SOURCE DATA
■ ■ ■ ■

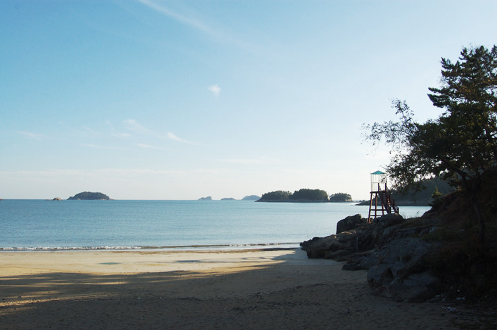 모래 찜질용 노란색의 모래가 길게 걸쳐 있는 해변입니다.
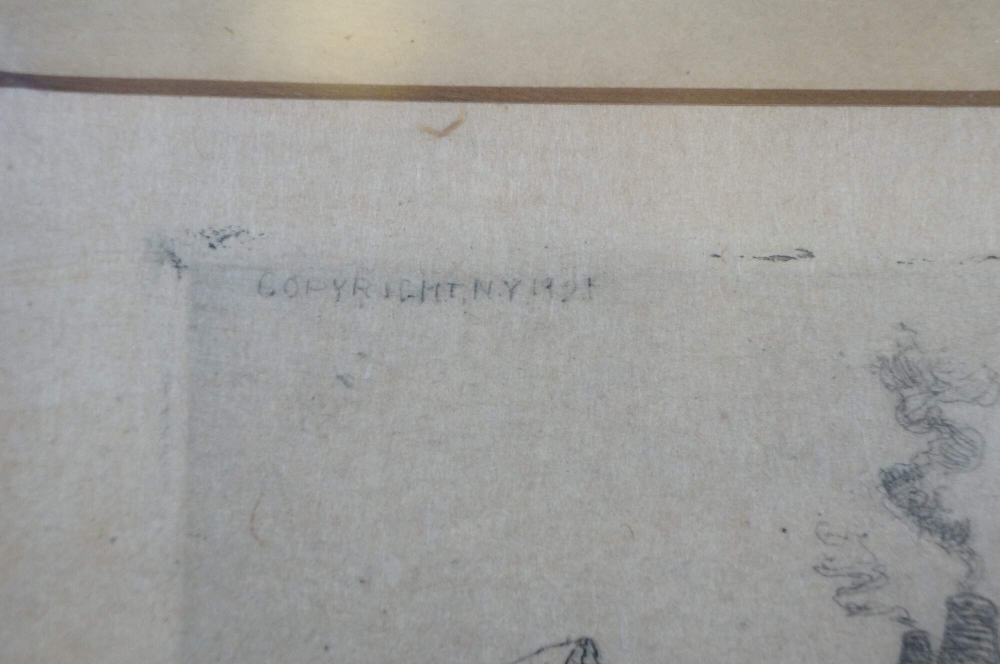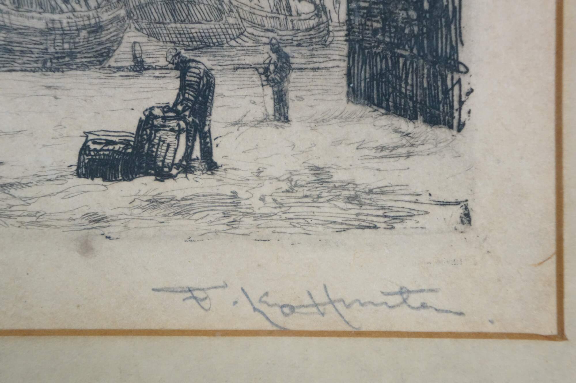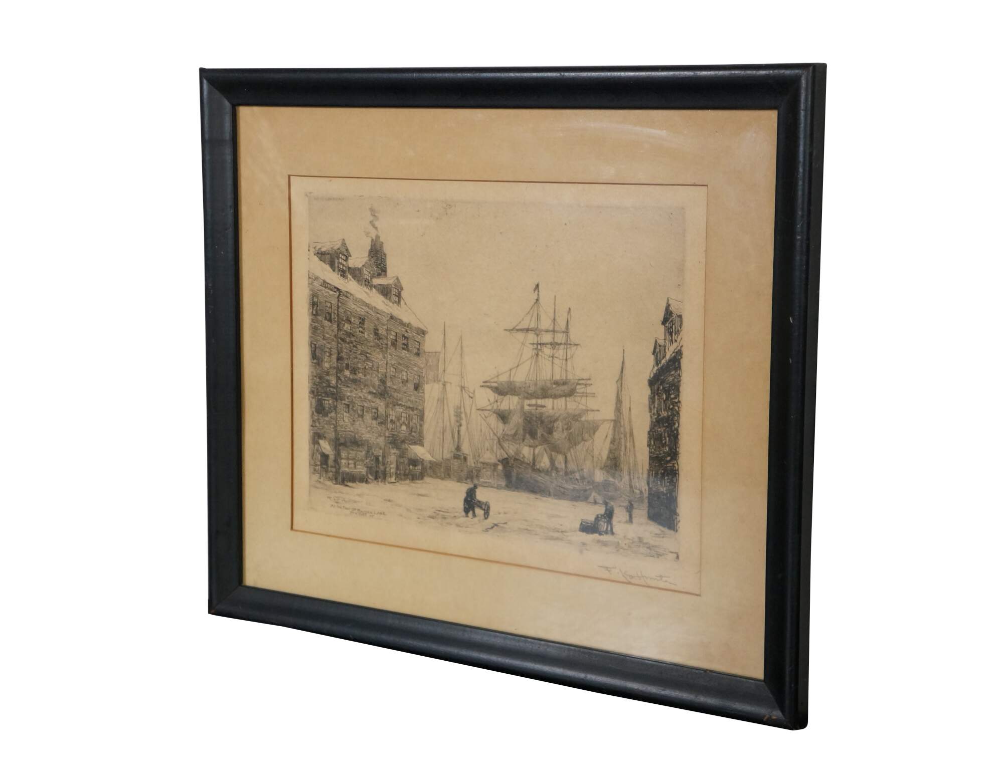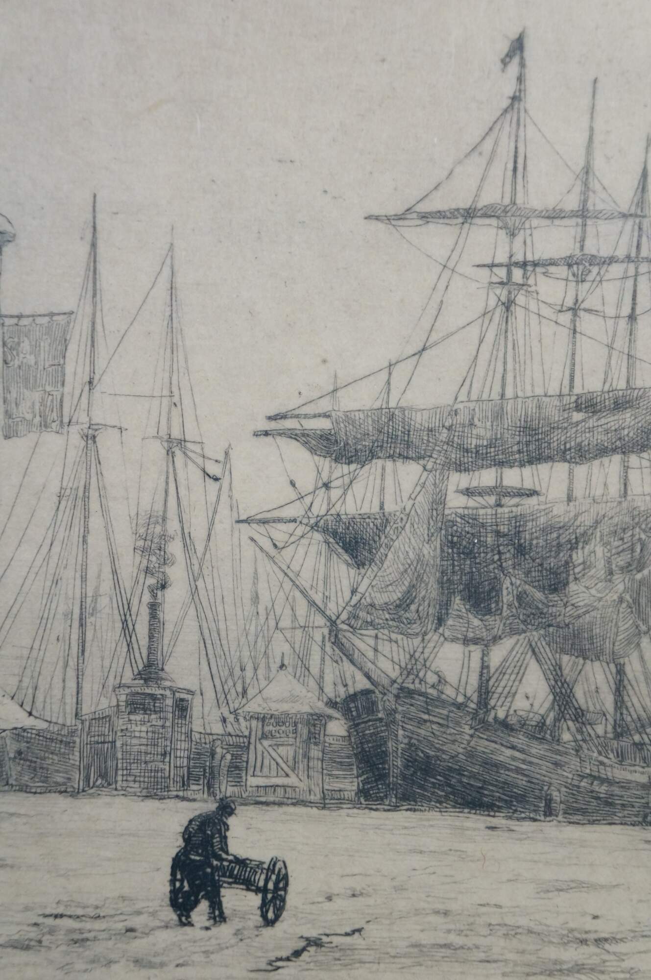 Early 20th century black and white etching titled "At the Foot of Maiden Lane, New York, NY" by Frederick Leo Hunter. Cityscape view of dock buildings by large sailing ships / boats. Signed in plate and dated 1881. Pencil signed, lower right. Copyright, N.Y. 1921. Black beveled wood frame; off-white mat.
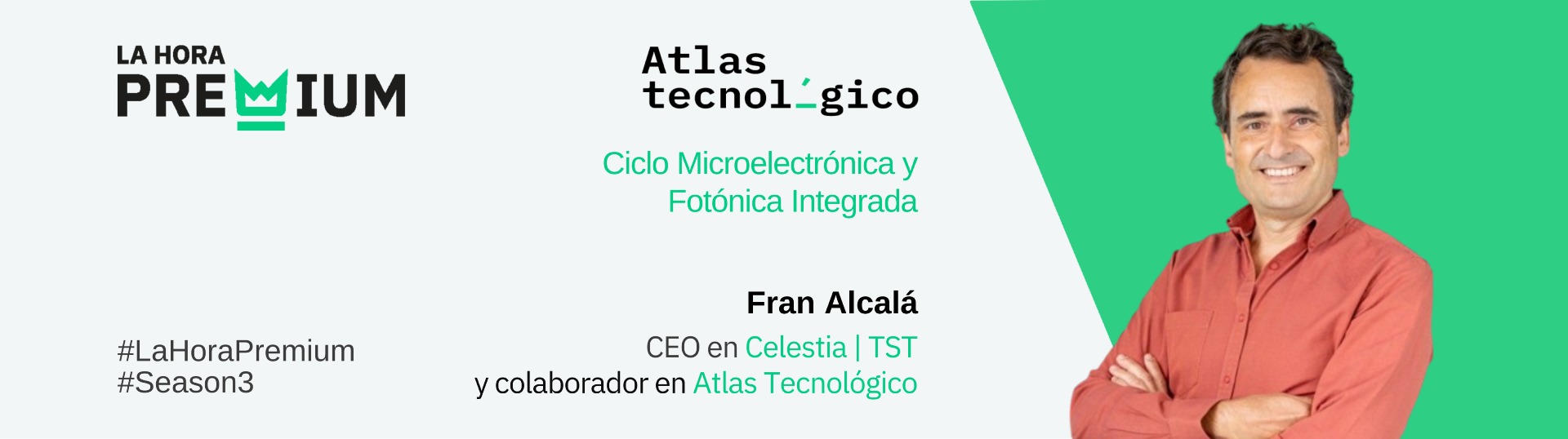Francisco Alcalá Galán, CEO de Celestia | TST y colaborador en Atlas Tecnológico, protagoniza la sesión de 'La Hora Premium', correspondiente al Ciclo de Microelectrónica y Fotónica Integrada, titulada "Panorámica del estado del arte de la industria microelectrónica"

■ ■ ■ ■

WHAT IS REQUIRED
The expected answer is the whole listing above, copied exactly, with images excluded.

ANSWER
 모래 찜질용 노란색의 모래가 길게 걸쳐 있는 해변입니다.
 Early 20th century black and white etching titled "At the Foot of Maiden Lane, New York, NY" by Frederick Leo Hunter. Cityscape view of dock buildings by large sailing ships / boats. Signed in plate and dated 1881. Pencil signed, lower right. Copyright, N.Y. 1921. Black beveled wood frame; off-white mat.
Francisco Alcalá Galán, CEO de Celestia | TST y colaborador en Atlas Tecnológico, protagoniza la sesión de 'La Hora Premium', correspondiente al Ciclo de Microelectrónica y Fotónica Integrada, titulada "Panorámica del estado del arte de la industria microelectrónica"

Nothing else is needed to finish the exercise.